→ EXERCISE: Without the pictures, repeat all of the data exactly as it appears below.

→ COLLECTED DATA:

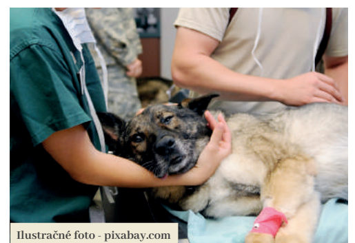
Ilustračné foto - pixabay.com
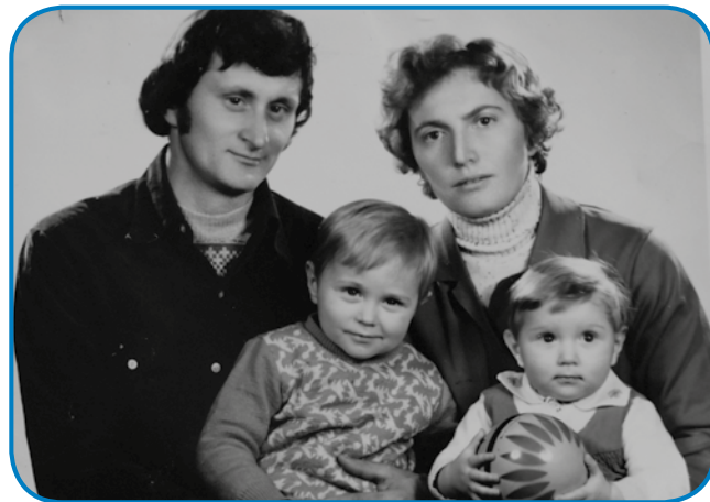
Z možaum pa dvöma detetoma

»Brž so ga gorazozidali, oča so v ciglenci delali, pa zavolo tauga je cigeu pa črpnje bola fal dau-bo, drügo pa tau, ka je lústvo te še sploj pomagalo eden drügo-
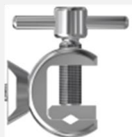
スタンダード仕様 (挟み式)

→ RESULT FOR THIS EXERCISE:
Ilustračné foto - pixabay.com
Z možaum pa dvöma detetoma

»Brž so ga gorazozidali, oča so v ciglenci delali, pa zavolo tauga je cigeu pa črpnje bola fal dau-bo, drügo pa tau, ka je lústvo te še sploj pomagalo eden drügo-
スタンダード仕様 (挟み式)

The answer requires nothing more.